Instructor guide¶

Example sections to include in the instructor guide are mentioned below.

Why we teach this lesson¶

Power monitoring is critical for modern HPC systems due to:

Operating cost reduction: Energy is typically 20-30% of HPC operating budgets. Understanding power enables workload optimization, job scheduling, and facility planning that directly reduce costs.
Environmental responsibility: HPC data centers consume megawatts of power with significant carbon footprint. Power-aware computing aligns with sustainability goals and regulatory requirements (EU Green Deal, carbon neutrality targets).
Performance optimization: Power is not just an operational concern—it constrains performance. Understanding power budgets, thermal limits, and power delivery constraints allows better performance/power trade-offs.
System reliability: Power monitoring enables predictive maintenance, thermal management, and prevents equipment damage from overheating or power delivery failures.
Workload characterization: Different applications have vastly different power signatures. Power data enables accurate energy accounting, fair resource billing, and identifying inefficient code patterns.
Emerging architectures: Heterogeneous systems (CPU+GPU, like Grace Hopper) require sophisticated power attribution. Students must understand these technologies to work with modern supercomputers.

This lesson transforms students from passive consumers of HPC resources into informed practitioners who can measure, analyze, and optimize power consumption.

Timing¶

Episode 0: Power Monitoring Introduction

Core lecture content: 60-90 minutes
- Energy vs Power fundamentals: 15 min (with examples)
- Power monitoring hierarchy: 15 min (system architecture discussion)
- Monitoring systems overview: 15 min (feature comparison)
- In-band vs Out-of-band: 15-20 min (detailed trade-offs)
- Power baseline concepts: 15-20 min (calibration methods)
Break: 10 minutes
Total: ~110-120 minutes

Episode 1: Power Monitoring Systems

Technical deep-dives: 120-150 minutes
- HDEEM system: 10-15 min
- Intel RAPL (Part 1 & 2): 25-30 min (architecture + MSR details)
- AMD RAPL: 10-15 min (compatibility focus)
- Fujitsu A64FX: 10-15 min (custom processor specifics)
- NVIDIA GPU (NVML): 15-20 min (API + practical usage)
- AMD GPU: 10-15 min (comparison with NVIDIA)
- NVIDIA GRACE CPU: 10-15 min (sysfs interface)
- NVIDIA GRACE HOPPER: 15-20 min (heterogeneous complexity)
- Case studies (LUMI, Karolina): 20-25 min (real data + models)
Break: 10 minutes
Total: ~140-170 minutes

Quiz Assessment

Episode 0 Quiz: 30-40 minutes (18 MCQ + 3 conceptual)
Episode 1 Quiz: 60-90 minutes (22 MCQ + 6 analysis questions)

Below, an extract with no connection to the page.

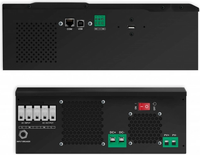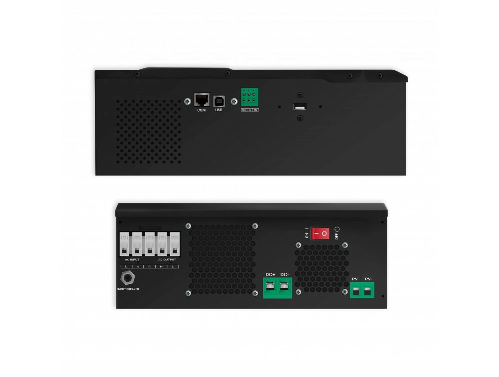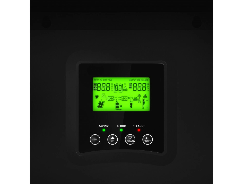 • 3‑en‑1 : onduleur, régulateur MPPT et chargeur de batterie en un seul appareil.
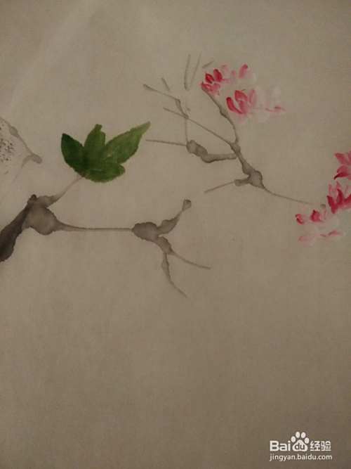 然后用花青加藤黄调成草绿色画出叶子,叶子可以少一些,注意围绕在花朵周围

Recommended structure: Teach Episode 0 on Day 1, Episode 1 on Day 2, Quiz assessment as homework or final session.

Hardware requirements¶

Minimum Setup for Demonstrations:

Linux workstation or access to HPC compute node with:
- Intel or AMD processor (2nd Gen Intel Xeon Scalable or newer, or AMD EPYC)
- BIOS settings allowing MSR access (no Secure Boot, or MSR module loaded)
- 4+ GB RAM
- 10 GB disk space

Optional but Recommended:

NVIDIA GPU (any modern generation) with CUDA toolkit and NVML library for GPU power monitoring demos
AMD GPU (MI series) with AMD ROCm for GPU power demos
Access to actual HPC system (e.g., LUMI, Karolina, Frontier) for real-world data examples
PDU or facility-level power monitoring infrastructure (for showing out-of-band measurements)

Software Stack:

Linux kernel 5.0+ with perf tools (linux-tools package)
Python 3.7+ with NumPy, SciPy, Matplotlib
intel-rapl-msr or equivalent RAPL reader (can use sysfs)
NVIDIA drivers + NVML library (if GPU demos intended)
amd-smi CLI tool for AMD GPU (if available)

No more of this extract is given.